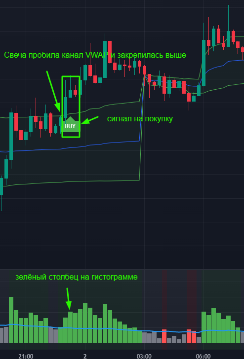 Индикатор 2 – Свеча пробивает канал VWAP / закрыта выше канала
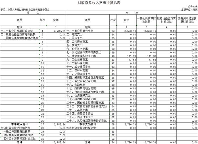 2022年度收、支总计2786.34万元。与上年相比,增加4.26万元,增长0.15%,主要原因是增加了纪检战线运行经费。
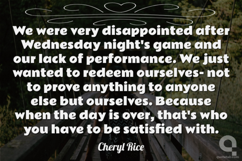 We were very disappointed after Wednesday night's game and our lack of performance. We just wanted to redeem ourselves- not to prove anything to anyone else but ourselves. Because when the day is over, that's who you have to be satisfied with.
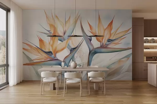 Fotomurales Flor del ave del paraíso, strelitzia con pétalos naranjas, estilo texturizado en acuarela suave, fondo claro Nr. w09483
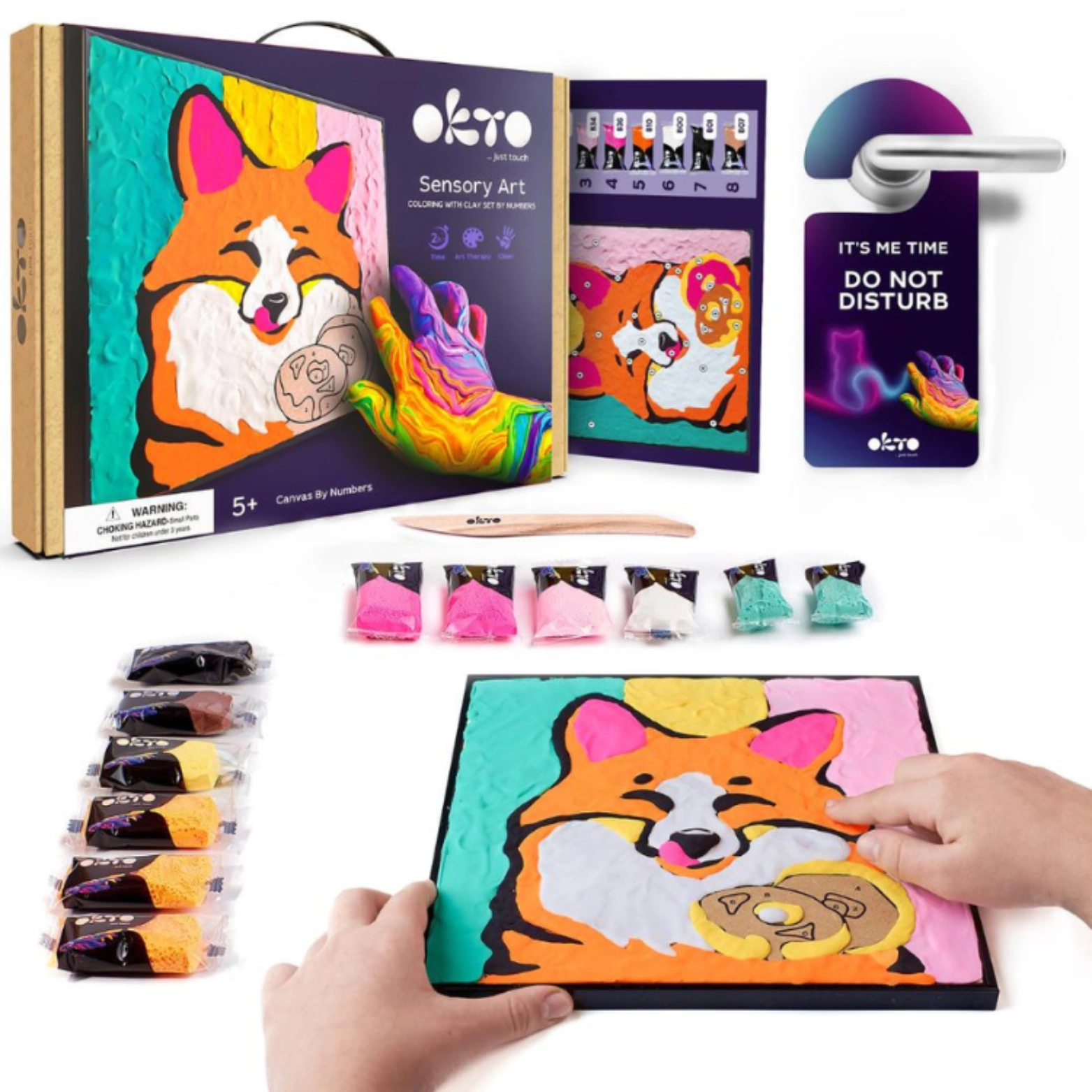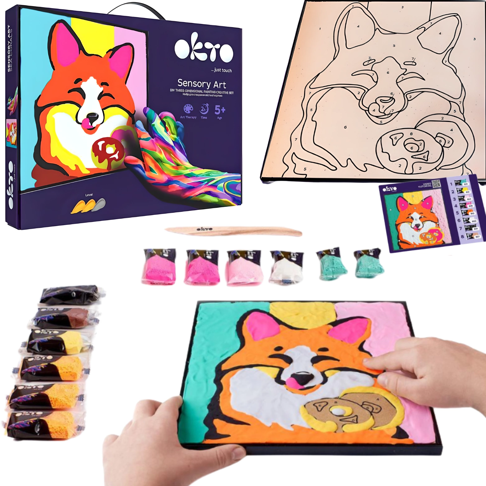 Kształtowanie, Mieszanie, Przyklejanie: proces tworzenia jest prosty i zabawny! Kształtuj, mieszaj i przyklejaj specjalną masę do płótna, które już czeka w opakowaniu. To interaktywne podejście pozwala na pełne zaangażowanie w proces tworzenia.
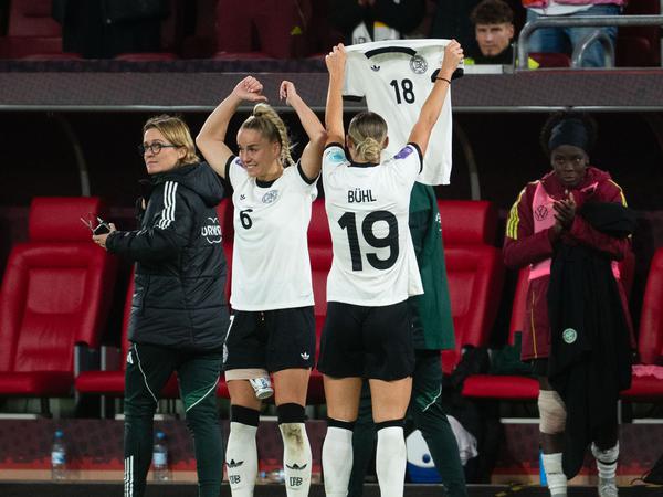 Zehn Minuten vor Ende war es schließlich Klara Bühl, die für die große Erlösung sorgte. Nach einem langen Flugball zog sie in die Mitte und schloss mit einem satten Schuss aus rund 18 Metern ins linke untere Eck ab. Anschließend rannte sie zu Giulia Gwinn an die Seitenlinie, die das Trikot mit der Nummer sechs trug, das eigentlich für Lena Oberdorf gedacht war. Bühl hielt derweil die Nummer 18 in die Luft – das Trikot von Giovanna Hoffmann.
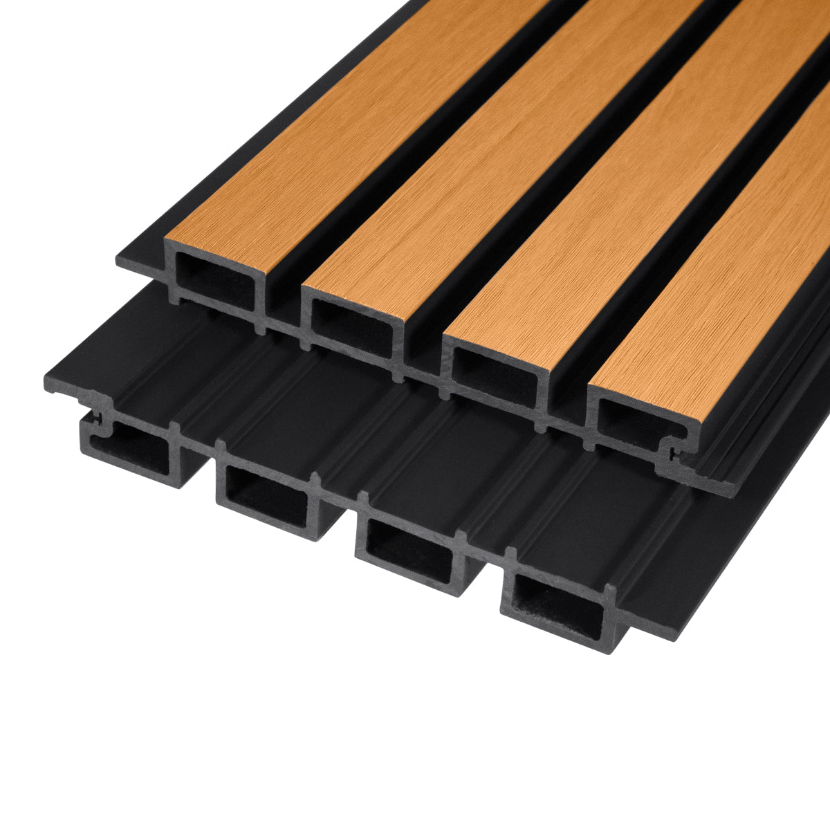 Wide 4-Strip Copper Teak with Black Gap Composite Siding Panels – 1.5" Slats for Exterior Wall Cladding

Your instructions
If a record holds a picture, leave the picture out and transcribe everything else exactly.

Reply
 Индикатор 2 – Свеча пробивает канал VWAP / закрыта выше канала
 2022年度收、支总计2786.34万元。与上年相比,增加4.26万元,增长0.15%,主要原因是增加了纪检战线运行经费。
 We were very disappointed after Wednesday night's game and our lack of performance. We just wanted to redeem ourselves- not to prove anything to anyone else but ourselves. Because when the day is over, that's who you have to be satisfied with.
 Fotomurales Flor del ave del paraíso, strelitzia con pétalos naranjas, estilo texturizado en acuarela suave, fondo claro Nr. w09483
 Kształtowanie, Mieszanie, Przyklejanie: proces tworzenia jest prosty i zabawny! Kształtuj, mieszaj i przyklejaj specjalną masę do płótna, które już czeka w opakowaniu. To interaktywne podejście pozwala na pełne zaangażowanie w proces tworzenia.
 Zehn Minuten vor Ende war es schließlich Klara Bühl, die für die große Erlösung sorgte. Nach einem langen Flugball zog sie in die Mitte und schloss mit einem satten Schuss aus rund 18 Metern ins linke untere Eck ab. Anschließend rannte sie zu Giulia Gwinn an die Seitenlinie, die das Trikot mit der Nummer sechs trug, das eigentlich für Lena Oberdorf gedacht war. Bühl hielt derweil die Nummer 18 in die Luft – das Trikot von Giovanna Hoffmann.
 Wide 4-Strip Copper Teak with Black Gap Composite Siding Panels – 1.5" Slats for Exterior Wall Cladding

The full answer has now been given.